Anna & Dream

Anna & Dream
Episode 18 MAAF


__ADS_3

Tampak ruang makan itu tidak terlalu besar terdapat perapian tidak jauh dari meja makan yang terbuat dari kayu dan dua buah kursi kayu panjang di sampinya. Lian sudah duduk menunggu mereka.



“Ayo makan, aku sudah sangat lapar.” Lian mengambil beberapa kentang rebus dan ikan yang di bakar, begitu juga dengan Lily dan Anna.



“Jack mana?” Lily bertanya, Lian hanya mengangkat bahu. Anna tidak perduli ia masih terlihat kesal karena ciuman Jack, tapi ia juga merasa bersalah karena menamparnya ia


tahu Jack melakukansemua itu demi kebaikannya.



“Kita harus melanjutkan perjalan” Anna memecah kesunyian di meja makan.



“ Tentu saja.” jawab Lily dengan penuh keyakinan.



“Bisakah besok kita berangkat.” Lian menyarankan.
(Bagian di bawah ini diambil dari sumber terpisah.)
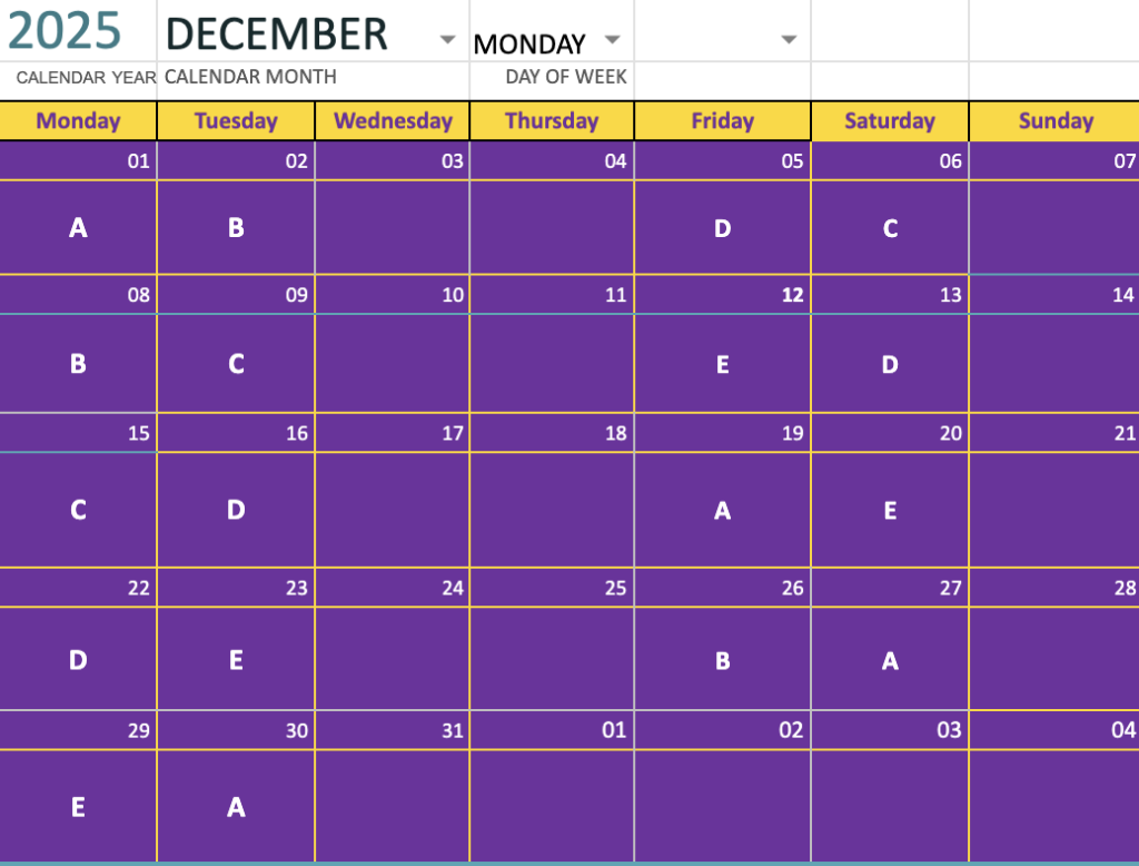 Our schedule will vary through the year to accommodate more classes and more activities. You can check our updated timetable here.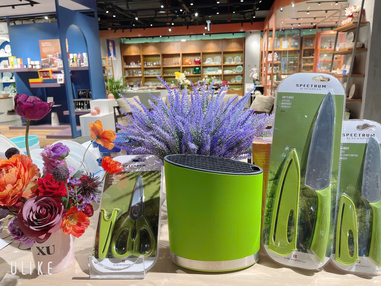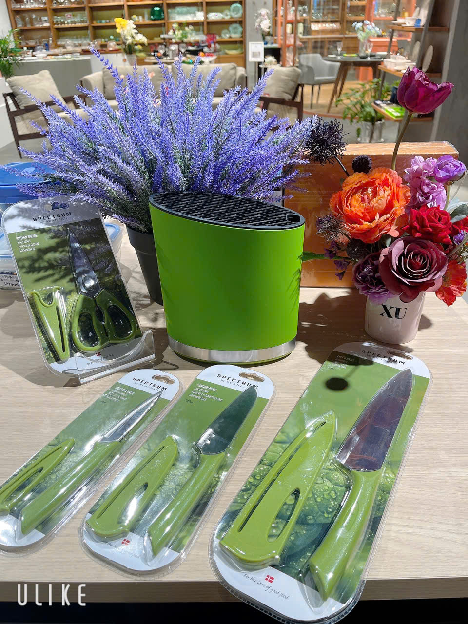 Màu xanh lá chủ đạo của bộ dao Spectrum tạo nên vẻ đẹp tinh tế, phù hợp với nhiều phong cách bếp hiện đại. Ống cắm dao đi kèm giúp sắp xếp gọn gàng, an toàn và tiết kiệm diện tích. Ngoài ra còn có nắp bảo vệ lưỡi dao đi kèm giúp đảm bảo an toàn khi sử dụng.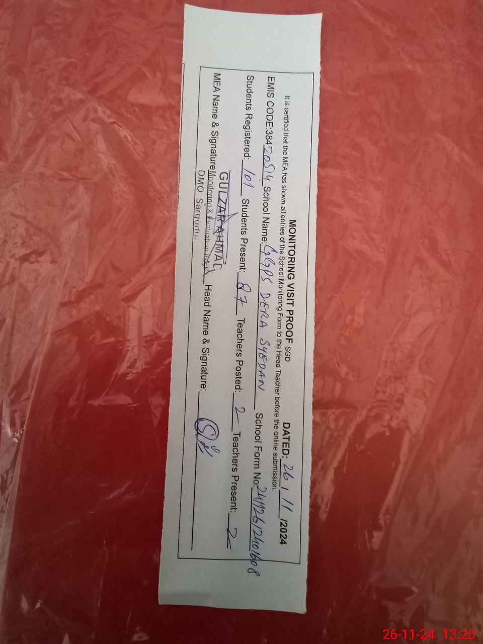 | EMIS Code: 38420514 | Name of School: GGPS DERA SYEDAN | |||
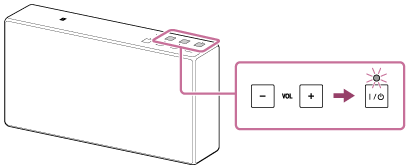 Når du trykker på knapperne VOL (lydstyrke) –/+, blinker indikatoren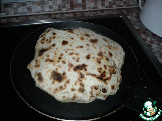 Каждую лепешку жарить на сухой сковороде, с двух сторон.

Anna tampak mengangguk setujuh,


bagaimanapun ia harus meletakan kalungnya pada tempatnya.



“Apakah kita sudah menyiapakan bekal selama di perjalanan?”



“Kau tidak usah memikirkan itu Anna, aku akan menyiapkan segala sesuatunya.” Lily meyakinkan.



Hari semakin gelap tapi Anna masih tidak melihat sosok pria yang telah menciumnya, saat makan malampun gadis itu tidak melihat keberadaan Jack. Anna memutuskan untuk keluar rumah mencari laki-laki yang setia selama empat tahun memberikanya obat, bagaimanapun ia harus memberitahu pria itu kalau besok mereka harus melanjutkan perjalanan.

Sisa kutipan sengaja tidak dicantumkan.